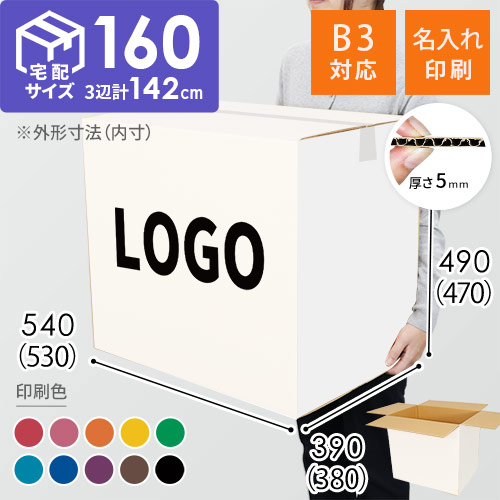 宅配160サイズのダンボールに、ロゴやイラストなどお客様ご希望のデザインを印刷できます。
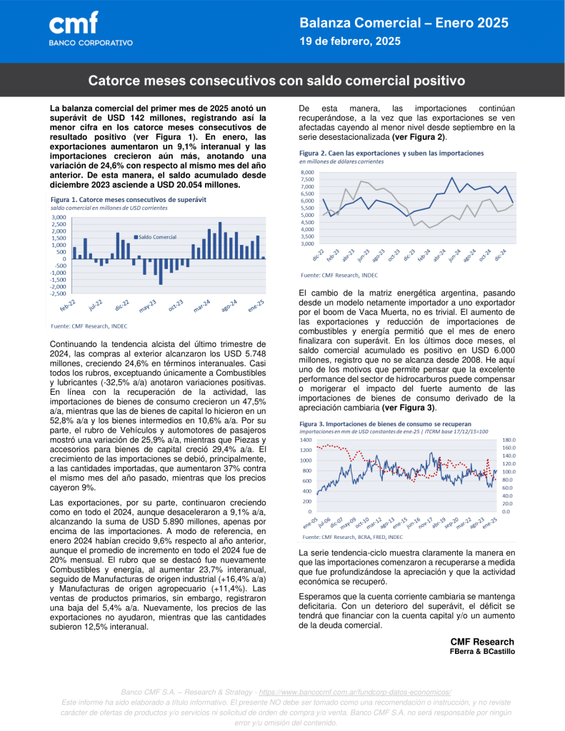 Se sostiene el superávit comercial, a pesar de fuerte incremento en importaciones marzo 20, 2025 Ver informe
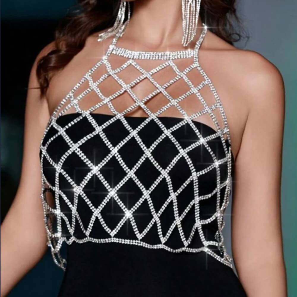 Découvrez le bijou de corps Calyra, une pièce audacieuse conçue pour captiver la lumière et sublimer votre silhouette. Sa structure effet résille métamorphose instantanément un top bustier ou une robe de soirée, ajoutant une dimension de glamour et de sophistication à votre look.
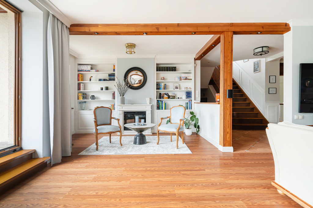 - ogromny, także świetnie doświetlony salon, gdzie znajduje się strefa wypoczynku, część jadalniana oraz otwarty gabinet z piękną zabudową biblioteczną i portalem kominkowym,
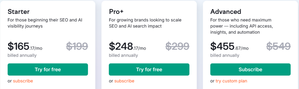 | Features | SEO, PPC, research tools: Competitor analysis, keyword research, website audit, backlink analysis, advertising tools, and more | All Pro features plus: Content Marketing Toolkit, historical data, multi-location and device tracking, Looker Studio integration, and more | All Guru features plus: Share of Voice, extended limits, API access, PLA analytics, free migration from third-party tools, and more |
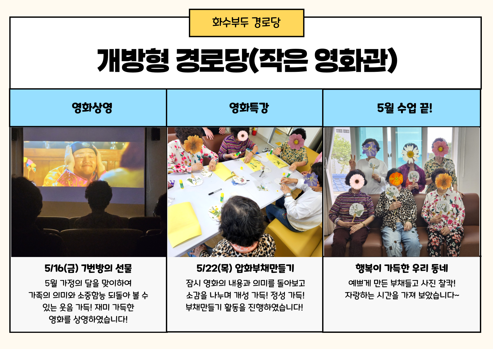 지난 5월 16일(목)에 가정의 달을 맞이하여 '7번 방의 선물'영화상영과
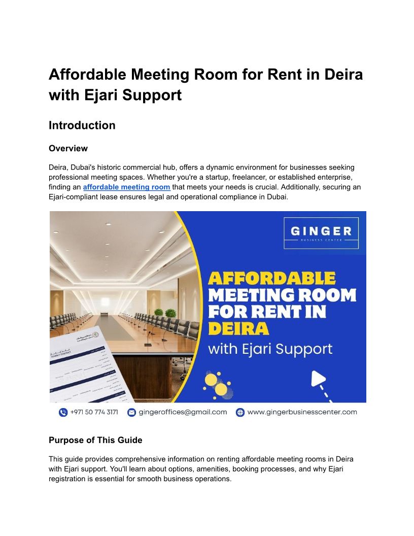 Meeting Rooms for Rent in Dubai | Ginger Business Center
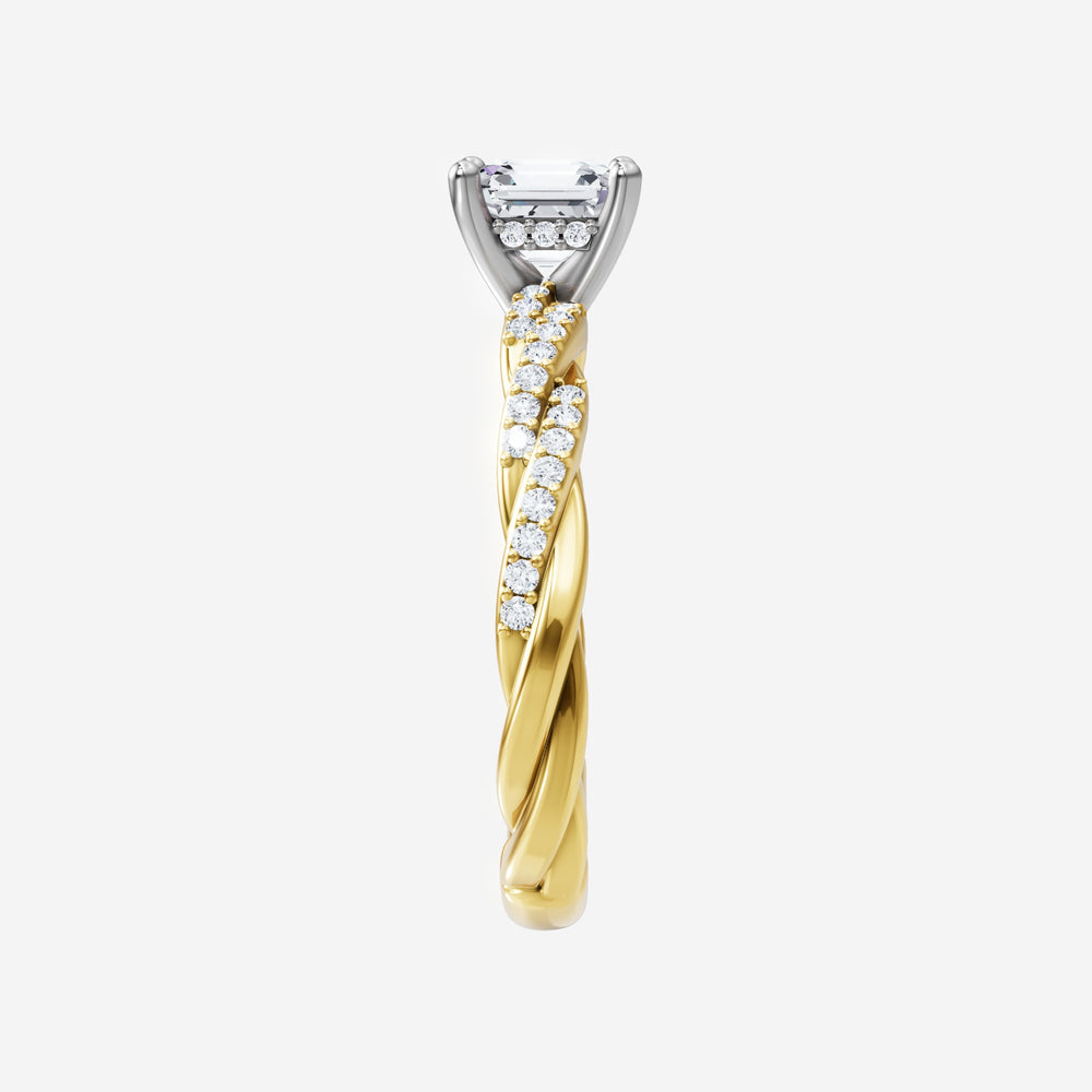 You’ve designed a ring that reflects lasting elegance and grace! Crafted from 18k Yellow White Dual Tone, this exquisite Asscher lab-grown diamond is the centerpiece of this unique design. This Rope Diamond Shank with a Hidden Halo head showcases the brilliance of the Asscher diamond, creating a timeless look. Whether as a gift or a personal treasure, this ring will forever symbolize the most meaningful moments in life.
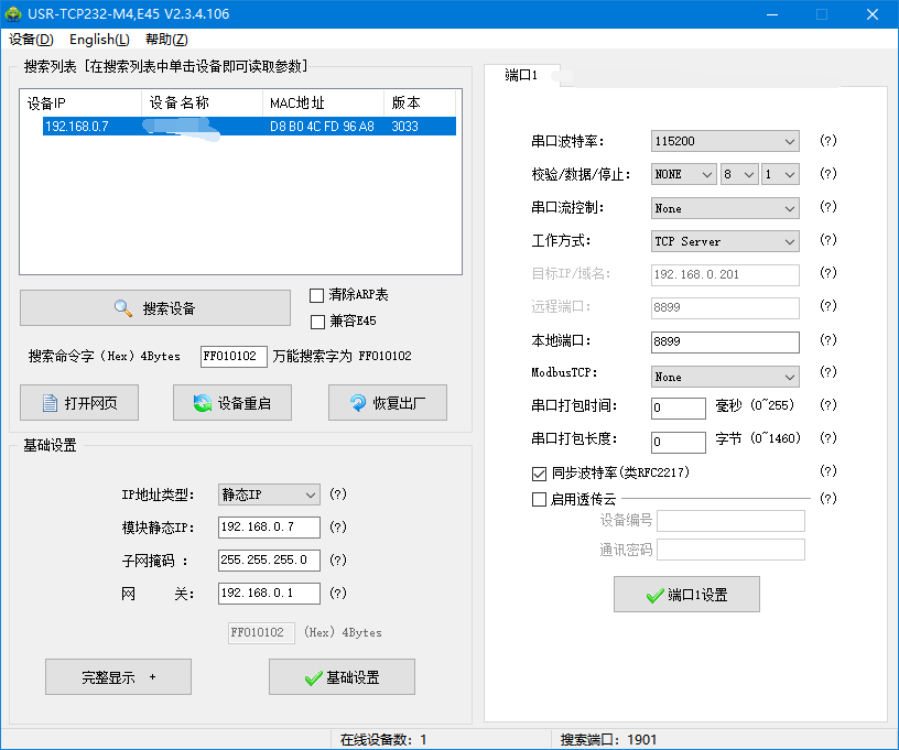 4.設(shè)置參數(shù):將工作方式 ,遠(yuǎn)程服務(wù)器地址和遠(yuǎn)程端口分別設(shè)置為:TCp client、clouddata.usr.cn、15000;
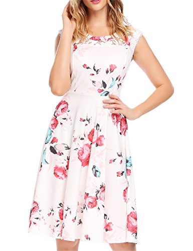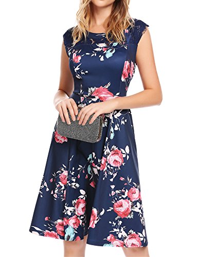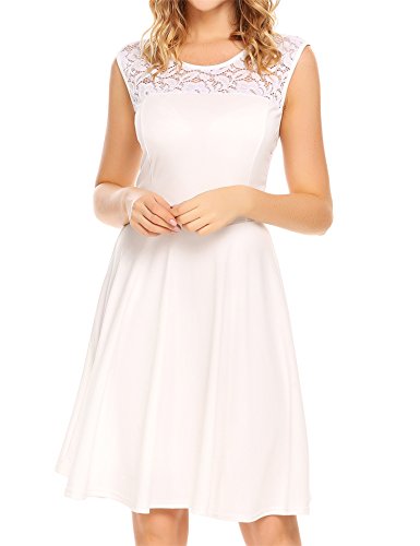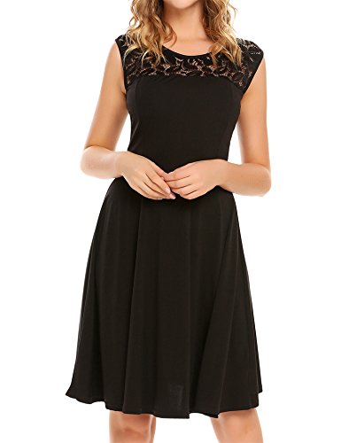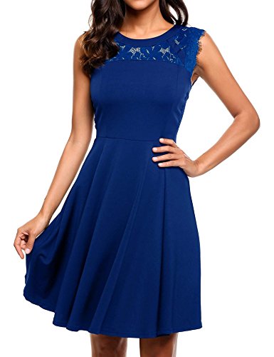 Featuring Lace patchwork round neckline, sleeveless, A-line shaped evening dress
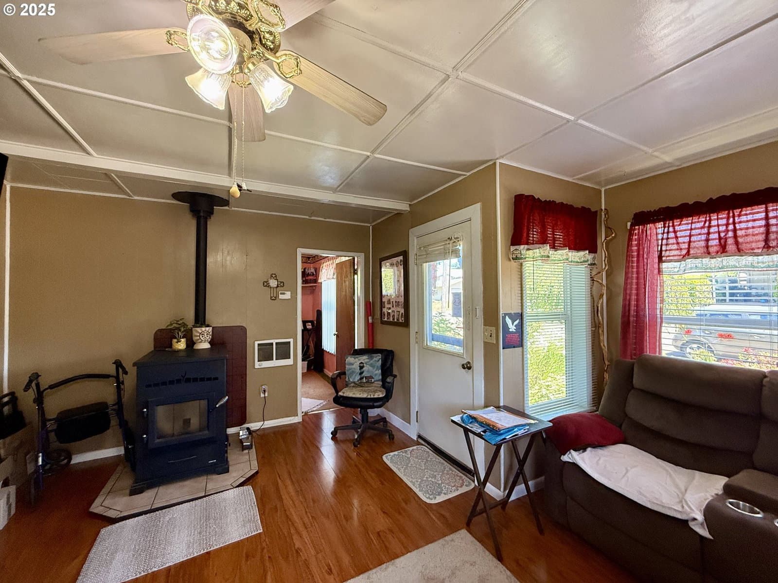 Nicely maintained 2 bedroom, 1 bath home with a fully fenced backyard, fruit trees, and a newer deck for outdoor enjoyment. Recent improvements include a newer roof, pellet stove, and hot water heater with updated wirin,. The exterior has been recently painted, and the single-car garage offers additional space for storage or a workshop. Schedule a tour with your favorite realtor today!

● ABOUT THIS EXERCISE
For each line above, output its wording exactly and leave out any picture.

● FINAL ANSWER
 宅配160サイズのダンボールに、ロゴやイラストなどお客様ご希望のデザインを印刷できます。
 Se sostiene el superávit comercial, a pesar de fuerte incremento en importaciones marzo 20, 2025 Ver informe
 Découvrez le bijou de corps Calyra, une pièce audacieuse conçue pour captiver la lumière et sublimer votre silhouette. Sa structure effet résille métamorphose instantanément un top bustier ou une robe de soirée, ajoutant une dimension de glamour et de sophistication à votre look.
 - ogromny, także świetnie doświetlony salon, gdzie znajduje się strefa wypoczynku, część jadalniana oraz otwarty gabinet z piękną zabudową biblioteczną i portalem kominkowym,
 | Features | SEO, PPC, research tools: Competitor analysis, keyword research, website audit, backlink analysis, advertising tools, and more | All Pro features plus: Content Marketing Toolkit, historical data, multi-location and device tracking, Looker Studio integration, and more | All Guru features plus: Share of Voice, extended limits, API access, PLA analytics, free migration from third-party tools, and more |
 지난 5월 16일(목)에 가정의 달을 맞이하여 '7번 방의 선물'영화상영과
 Meeting Rooms for Rent in Dubai | Ginger Business Center
 You’ve designed a ring that reflects lasting elegance and grace! Crafted from 18k Yellow White Dual Tone, this exquisite Asscher lab-grown diamond is the centerpiece of this unique design. This Rope Diamond Shank with a Hidden Halo head showcases the brilliance of the Asscher diamond, creating a timeless look. Whether as a gift or a personal treasure, this ring will forever symbolize the most meaningful moments in life.
 4.設(shè)置參數(shù):將工作方式 ,遠(yuǎn)程服務(wù)器地址和遠(yuǎn)程端口分別設(shè)置為:TCp client、clouddata.usr.cn、15000;
 Featuring Lace patchwork round neckline, sleeveless, A-line shaped evening dress
 Nicely maintained 2 bedroom, 1 bath home with a fully fenced backyard, fruit trees, and a newer deck for outdoor enjoyment. Recent improvements include a newer roof, pellet stove, and hot water heater with updated wirin,. The exterior has been recently painted, and the single-car garage offers additional space for storage or a workshop. Schedule a tour with your favorite realtor today!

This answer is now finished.